O mesmo chatbot pode ser útil em uma operação e irrelevante em outra. Um agente pode reduzir tempo em um fluxo bem definido, mas amplificar erros em um processo sem regras, base de conhecimento ou supervisão.
Projetos falham quando:
- o problema não tem valor suficiente;
- não existe volume ou repetição;
- os dados estão fragmentados;
- a saída não pode ser verificada;
- a integração é mais complexa que o benefício;
- usuários não participam do desenho;
- não existe responsável pelo processo;
- o piloto não possui métrica;
- segurança e governança entram tarde.
A pergunta inicial precisa ser sobre processo, não sobre modelo.
Etapa 1: mapear processos e gargalos
O diagnóstico começa com entrevistas e observação das rotinas.
Para cada processo, registre:
- objetivo;
- etapas;
- pessoas envolvidas;
- sistemas;
- entradas e saídas;
- volume;
- tempo gasto;
- retrabalho;
- erros;
- dependências;
- decisões;
- regras;
- exceções;
- dados disponíveis;
- impacto sobre cliente, receita ou custo.
Gargalos recorrentes são candidatos melhores que atividades esporádicas. Processos com entrada digital, padrão reconhecível e saída verificável tendem a permitir pilotos mais controláveis.
Etapa 2: transformar gargalos em casos de uso
Um caso de uso precisa ser descrito como mudança operacional.
Em vez de “usar IA no atendimento”, formule:
Classificar solicitações recebidas, recuperar a resposta aprovada na base de conhecimento, sugerir uma resposta e encaminhar exceções para uma pessoa.
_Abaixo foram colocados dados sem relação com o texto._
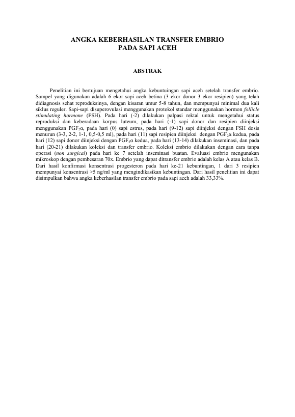 Baca Juga : ANGKA KEBERHASILAN TRANSFER EMBRIO PADA SAPI ACEH (vici imshar, 2015)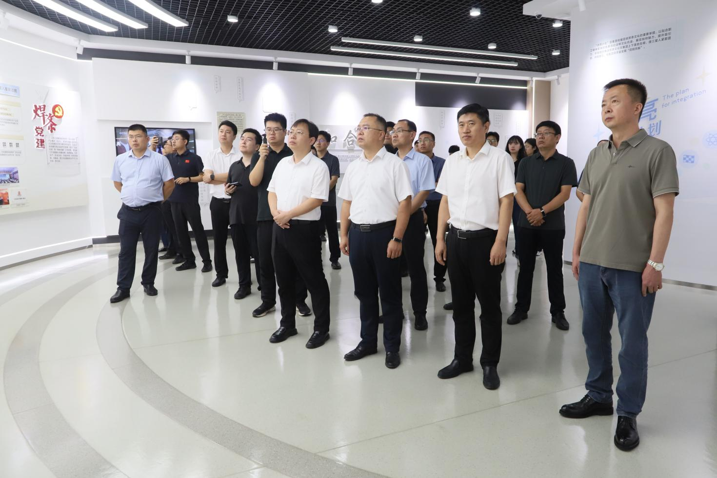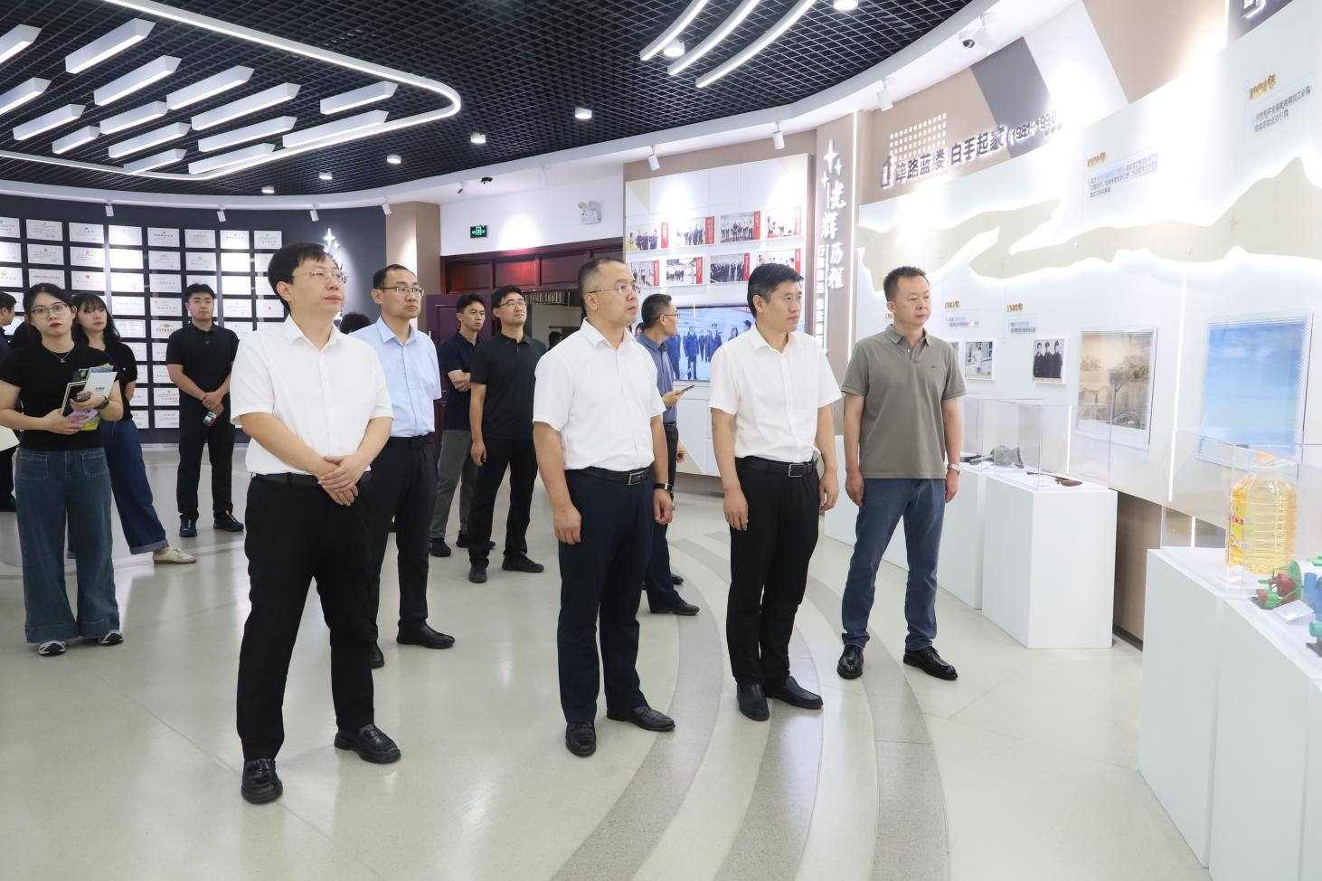 在集團文化中心,調(diào)研領導實地參觀了企業(yè)發(fā)展歷程、主導產(chǎn)業(yè)及黨建文化展區(qū),認真聽取了企業(yè)提煉黨建工作理念、熔鑄特色黨建品牌、打造黨建文化陣地的情況介紹,真切感受到企業(yè)“焊條黨建”品牌和“五融雙強”工作體系的強大紅色內(nèi)核。

Em vez de “usar IA em vendas”:
Pesquisar contas do ICP, identificar sinais relevantes, resumir o contexto e apoiar a preparação da abordagem, mantendo aprovação humana antes do contato.
Uma boa descrição inclui:
- usuário;
- evento de entrada;
- tarefa;
- dados;
- decisão ou saída;
- integração;
- supervisão;
- métrica;
- limites.
Etapa 3: priorizar por impacto, viabilidade, dados e risco
A Draivv recomenda comparar os casos em uma matriz comum.
| Dimensão | Pergunta |
|---|---|
| Impacto | Quanto tempo, custo, qualidade ou receita pode melhorar? |
| Frequência | O processo acontece em volume suficiente? |
| Viabilidade | Modelos e integrações conseguem executar a tarefa? |
| Dados | Há dados acessíveis, confiáveis e autorizados? |
| Verificabilidade | É possível avaliar se a saída está correta? |
| Risco | Qual o dano potencial de erro ou uso indevido? |
| Adoção | Usuários e responsáveis estão disponíveis? |
| Tempo para valor | Quanto tempo até medir um resultado real? |
Uma pontuação de 1 a 5 ajuda a comparar. Impacto e frequência podem aumentar prioridade. Risco, baixa qualidade de dados e integração complexa podem reduzi-la.
Quick wins
Casos com impacto razoável, dados disponíveis, saída verificável e baixo risco. São bons candidatos para pilotos.
Apostas estratégicas
Casos com grande impacto, mas maior complexidade. Precisam de descoberta, dados, integração e governança antes de entrar em produção.
Preparação necessária
O problema é relevante, mas dados ou processo ainda não estão maduros. O roadmap deve incluir a preparação.
Baixa prioridade
Casos com pouco valor, baixa frequência ou risco desproporcional. Devem sair do foco.
Casos de uso por área
Vendas
- pesquisa e enriquecimento de contas;
- identificação de sinais;
- preparação de reuniões;
- resumo de CRM;
- apoio a propostas;
- análise de conversas;
- previsão e priorização.
Marketing
- pesquisa de mercado;
- arquitetura de conteúdo;
- reaproveitamento editorial;
- análise de performance;
- personalização;
- monitoramento de marca;
- SEO e GEO.
Atendimento
- classificação;
- recuperação de conhecimento;
- sugestão de resposta;
- resumo;
- controle de qualidade;
- identificação de intenção e urgência.
Operações
- leitura de documentos;
- conciliação;
- extração de dados;
- monitoramento de exceções;
- geração de relatórios;
- assistência em decisões repetitivas.
Recursos Humanos
- busca em políticas internas;
- suporte a colaboradores;
- descrição e organização de competências;
- análise documental;
- aprendizagem e capacitação.
Áreas sensíveis, como emprego, crédito, saúde e decisões com impacto sobre direitos, exigem avaliação jurídica e de risco aprofundada.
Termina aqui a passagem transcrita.